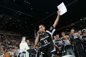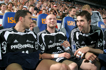 Deutscher Meister 2006! Adrian Wagner wird verabschiedet. Abschiedszeit. Adrian Wagner liegt verletzt am Boden, Physiotherapeut Uwe Brandenburg (mitte) und Mannschaftsarzt Dr. Detlev Brandecker (rechts) kümmern sich um den Linksaußen. Adrian Wagner, links Marcus Ahlm.
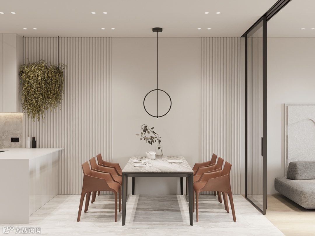 圆形的吊灯,点缀的绿植也增添了餐厅生机。
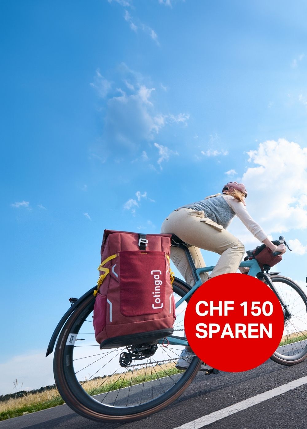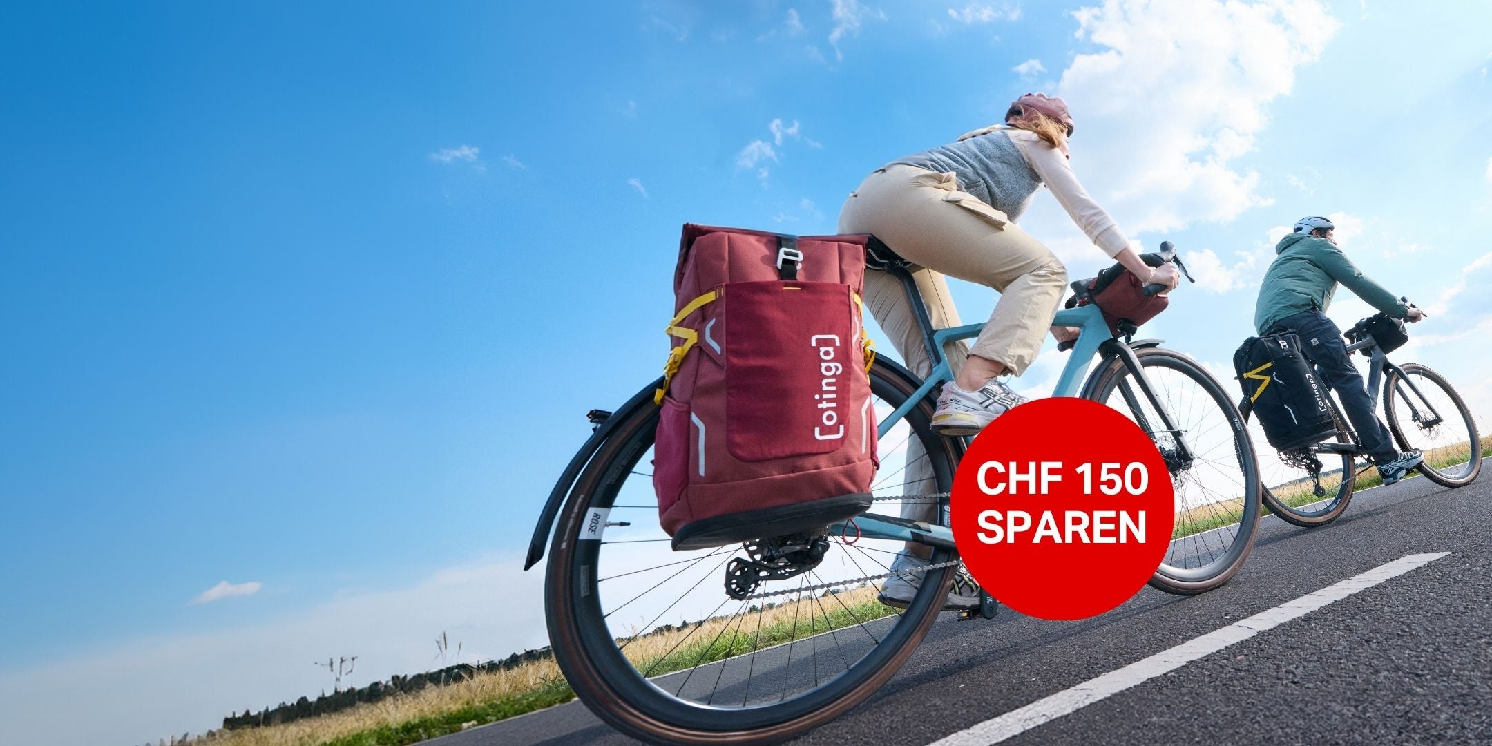 Leander Mellies und Karl Fischer (Aachen, Berlin) die Gründe von otinga / 2bag mit dem Flip / 2bag Rucksack und Fahrradtaschen Kombination auf dem Boden sitzend vor einem Fahrrad
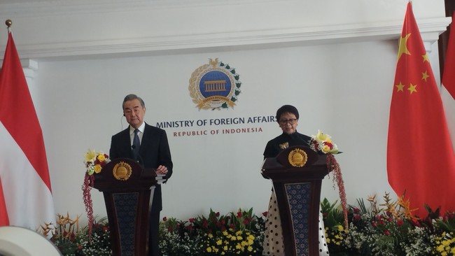 Menteri Luar Negeri China Wang Yi bertemu dengan Menlu Indonesia Retno Marsudi. Keduanya membahas soal situasi di Timur Tengah yang memanas.

◆ REQUIREMENT
Retype the listing verbatim, minus every image.

◆ ANSWER SPACE
 Deutscher Meister 2006! Adrian Wagner wird verabschiedet. Abschiedszeit. Adrian Wagner liegt verletzt am Boden, Physiotherapeut Uwe Brandenburg (mitte) und Mannschaftsarzt Dr. Detlev Brandecker (rechts) kümmern sich um den Linksaußen. Adrian Wagner, links Marcus Ahlm.
 圆形的吊灯,点缀的绿植也增添了餐厅生机。
 Leander Mellies und Karl Fischer (Aachen, Berlin) die Gründe von otinga / 2bag mit dem Flip / 2bag Rucksack und Fahrradtaschen Kombination auf dem Boden sitzend vor einem Fahrrad
 Menteri Luar Negeri China Wang Yi bertemu dengan Menlu Indonesia Retno Marsudi. Keduanya membahas soal situasi di Timur Tengah yang memanas.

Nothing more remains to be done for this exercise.